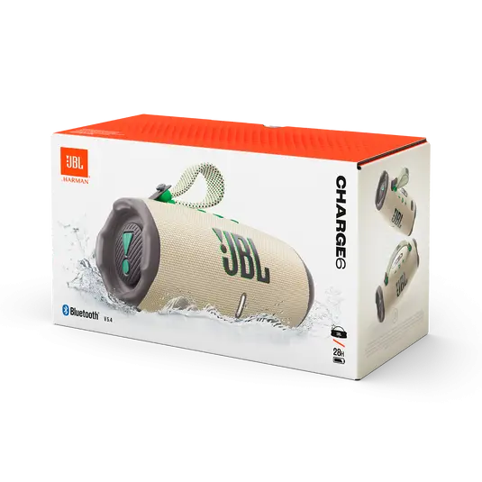 Engineered for adventure, the Charge 6 features a fabric-wrapped body with a removable handle strap for easy portability. Its IP68 rating ensures complete protection against water, dust, and accidental drops from up to 1 meter. Whether you’re at the beach, poolside, or hiking, this speaker is built to withstand the elements.
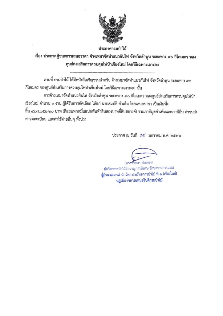 ประกาศกรมป่าไม้ เรื่อง ประกาศผู้ชนะการเสนอราคา จ้างเหมาจัดทำแนวกันไฟ จังหวัดลำพูน ระยะทาง ๙๐ กิโลเมตร ของ ศูนย์ส่งเสริมการควบคุมไฟป่าเชียงใหม่ โดยวิธีเฉพาะเจาะจง19 มกราคม 2023 ใน ประกาศจัดซื้อจัดจ้าง by adminir
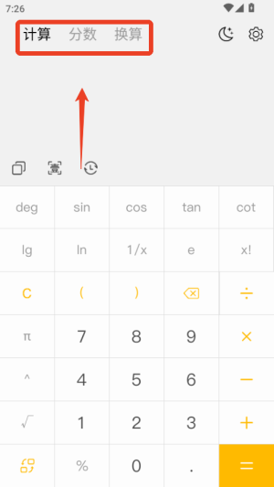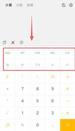2、需要复杂计算时左滑或点击菜单选择科学计算器模式可以使用三角函数对数幂运算等高级功能。
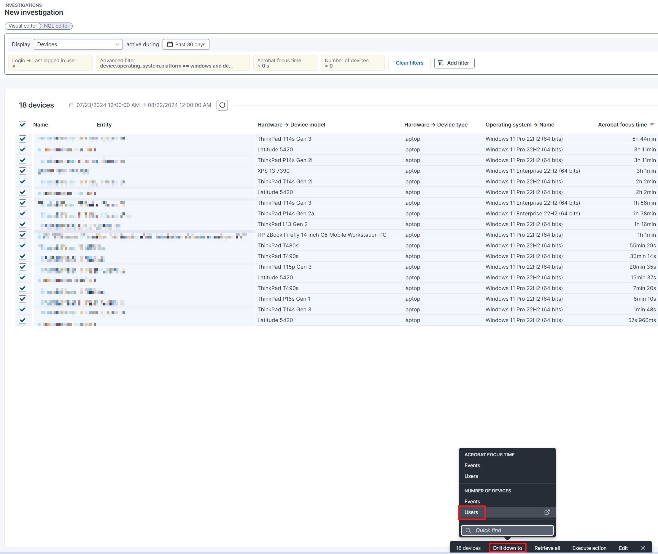 Nexthink Infinityは、リアルタイムのアラート、診断と分析、自動化と修復により、従業員のデバイス、アプリケーション、オペレーティングシステム、物理的な場所、ネットワーク接続などを可視化します。

Aim of the exercise = The range to set down runs from the line containing "2、需要复杂计算时左滑或点击" through the final line of the data, both ends included; give it exactly and drop the pictures.

Response to the task =
2、需要复杂计算时左滑或点击菜单选择科学计算器模式可以使用三角函数对数幂运算等高级功能。
 Nexthink Infinityは、リアルタイムのアラート、診断と分析、自動化と修復により、従業員のデバイス、アプリケーション、オペレーティングシステム、物理的な場所、ネットワーク接続などを可視化します。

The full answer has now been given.